Four-week-old male ddY mice (20–30 g) were purchased from Japan SLC (Shizuoka, Japan). The animals were housed in colony cages under a 12 h/12 h light/dark cycle at 25 ± 2 °C and a relative humidity of 50–60%. They were fed pellet chow and water ad libitum and allowed to accommodate to these conditions for 1 week before the experiments. Animal experiments were conducted following the recommendations of the Animal Research Committee of Kyoto University, Kyoto, Japan (approval number, 2014-14-3; first approved 27 December 2014 and renewed annually until 14 March 2018). Experimental procedures involving animals and their care were conducted in accordance with the institutional guidelines and in compliance with the Fundamental Guidelines for the Proper Conduct of Animal Experiments and Related Activities in Academic Research Institutions under the jurisdiction of the Ministry of Education, Culture, Sports, Science and Technology, Japan (2006). All experiments were conducted between 10:00 and 17:00 under identical conditions.

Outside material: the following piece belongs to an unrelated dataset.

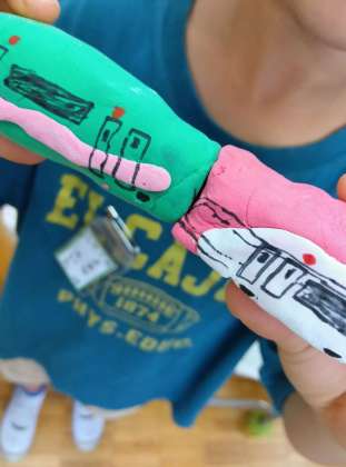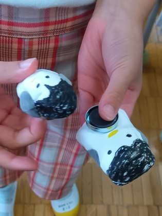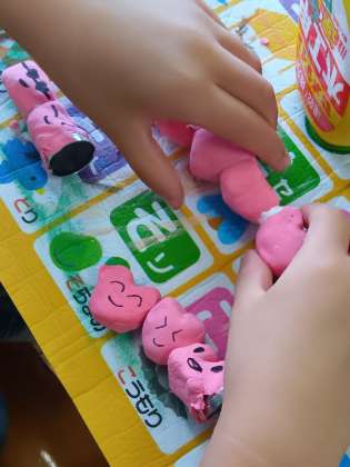 でき上がったマスコットを子どもたちが見せてくれます。左は、夢のコラボレーション!新幹線「こまち」と「はやぶさ(?違ったらごめんなさい。覚えられなかった!)」絶対にないドッキングです。前に見たときにハートをたくさん作っている子がいたのは、どうなるんだろうと思っていたら、なるほど、いくつかくっつけたハート同士をマグネットで「くっつき」にするのが分かりました。右は、前回の真ん中に載っていた写真の作品ですが、何になるのかあの時点では分かりませんでしたが、かわいいペンギンの親子になっていました。親ペンギンのおなかに子ペンギンがくっつくようです。

3.3. Behavioural Experiments

Anxiety symptoms were evaluated by using the LDB and MBT, while depressive-like behaviours were investigated by using the FST and TST, as previously demonstrated [3,20,33,34] with minor modifications. Inhalation administration was performed as described in the OFT. The sedative effects and motor coordination were evaluated by using the OFT and HWT, respectively [3,30]. To avoid any potential bias in the experiments, each treatment group was recorded by using a video camera and scored by a trained observer blind to the treatment. In all our experiments, each animal was used only once.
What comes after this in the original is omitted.